Firewall management¶
This is the second part of the admin configuration, this part should be accessed through HTTP authenteication with the user and password specified in assimilator.conf file. Here the admin configures all Firewall credentials, with this information Assimilator will then access each Firewall and retrieve the information requested through API calls. Each Firewall brand has their our way to be accessed, in general it’s an SSH connection but some of them use an API (PaloAlto or AWS).
Add a Firewall¶
To add a Firewall we make an admin POST request to /firewalls/<firewall key>, in the request’s body we should send the JSON object with the Firewall’s credentials.
POST /firewalls/argentina HTTP/1.1
Content-Type: application/json
Authorization: Basic YWRtaW46c2VjcmV0
{
"brand" : <firewall brand>,
"description" : <Some description about this device>,
#JSON object keys for the Firewall brand
...
}
To remove a Firewall from Assimilator we make a DELETE request.
DELETE /firewalls/argentina HTTP/1.1
Content-Type: application/json
Authorization: Basic YWRtaW46c2VjcmV0
To retrieve the Firewall configuration we make a GET request.
GET /firewalls/argentina HTTP/1.1
Content-Type: application/json
Authorization: Basic YWRtaW46c2VjcmV0
Each Firewall brand is configured differently, this is because each Firewall has their way to be accessed. For each Firewall there is a unique JSON object format. Below is the detailed configuration for each device.
Palo Alto¶
PaloAlto firewalls have an XML API that only has the GET method. Through this Assimilator translates it to a friendlier API.
GET /firewalls/argentina HTTP/1.1
Content-Type: application/json
Authorization: Basic YWRtaW46c2VjcmV0
200 OK
The key is the Firewall name through the api, in this example the key is ‘argentina’. Inside this JSON object we have the following keys:
"brand" : The Firewall's brand, this will indicate which translator script should be invoked when connecting to this firewall.
"primary" : The Firewall's primary IP address, in PaloAlto this should be the Management IP address.
"secondary" : The Firewall's secondary IP address, in PaloAlto this should be the Management IP address.
"key" : XML API key to be used by Assimilator when connecting to this PaloAlto Firewall.
"description" : Some description about this device.
Juniper¶
Junos SRX and SSG have a similar configuration, both are XML based and are accessed through SSH.

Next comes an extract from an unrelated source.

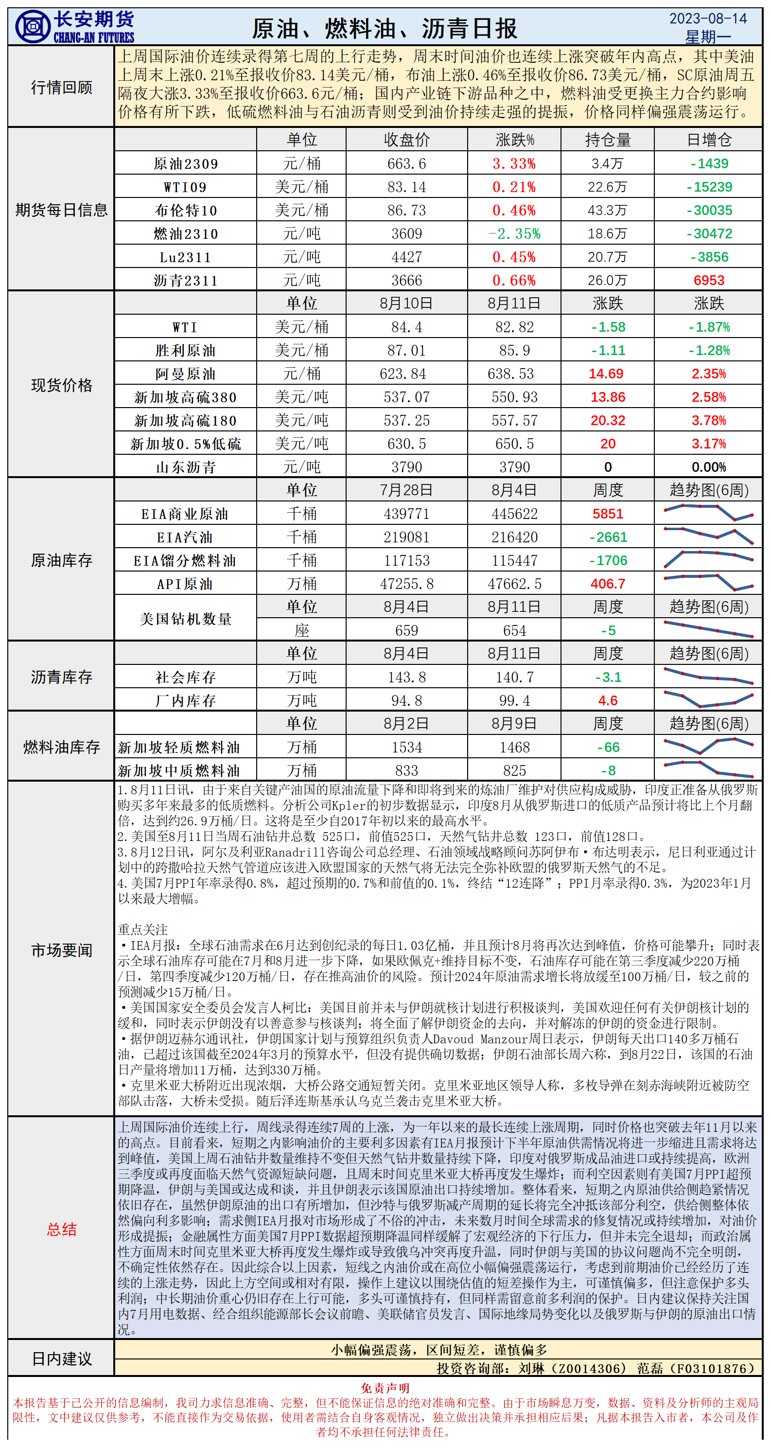 标题:长安期货8月14日原油早评:IEA月报强势提振价格,连续上行后油价上方空间或有限
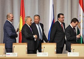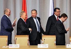 Слева направо: президент республики Беларусь Александр Лукашенко, президент Казахстана Нурсултан Назарбаев, президент Киргизии Курманбек Бакиев, президент Таджикистана Эмомали Рахмон и президент России Дмитрий Медведев на заседании ЕврАзЭС.

GET /firewalls/datacenter HTTP/1.1
Content-Type: application/json
Authorization: Basic YWRtaW46c2VjcmV0
200 OK
The key is the Firewall name through the api, in this example the key is ‘datacenter’. Juniper allows users to login either with a password or a certificate, the latter one is encouraged. Inside this JSON object we have the following keys:
"brand" : The Firewall's brand, this will indicate which translator script should be invoked when connecting to this firewall.
"primary" : The Firewall's primary IP address, in Juniper this should be the trust IP address.
"secondary" : The Firewall's secondary IP address, in Juniper this should the trust IP address.
"user" : The username that Assimilator should use while logging in, it usually is 'assimilator'.
"privatekey" : Location of the certificate file to be used for SSH authentication, if not specified then user/password will be used.
"privatekeypass" : The password to decrypt the private key from the certificate, if not specified then user/password will be used.
"pass" : The password to be used for SSH login, this is used if privatekey and privatekeypass is not specified.
"port" : The SSH port on the Firewall, usually 22.
"description" : Some description about this device.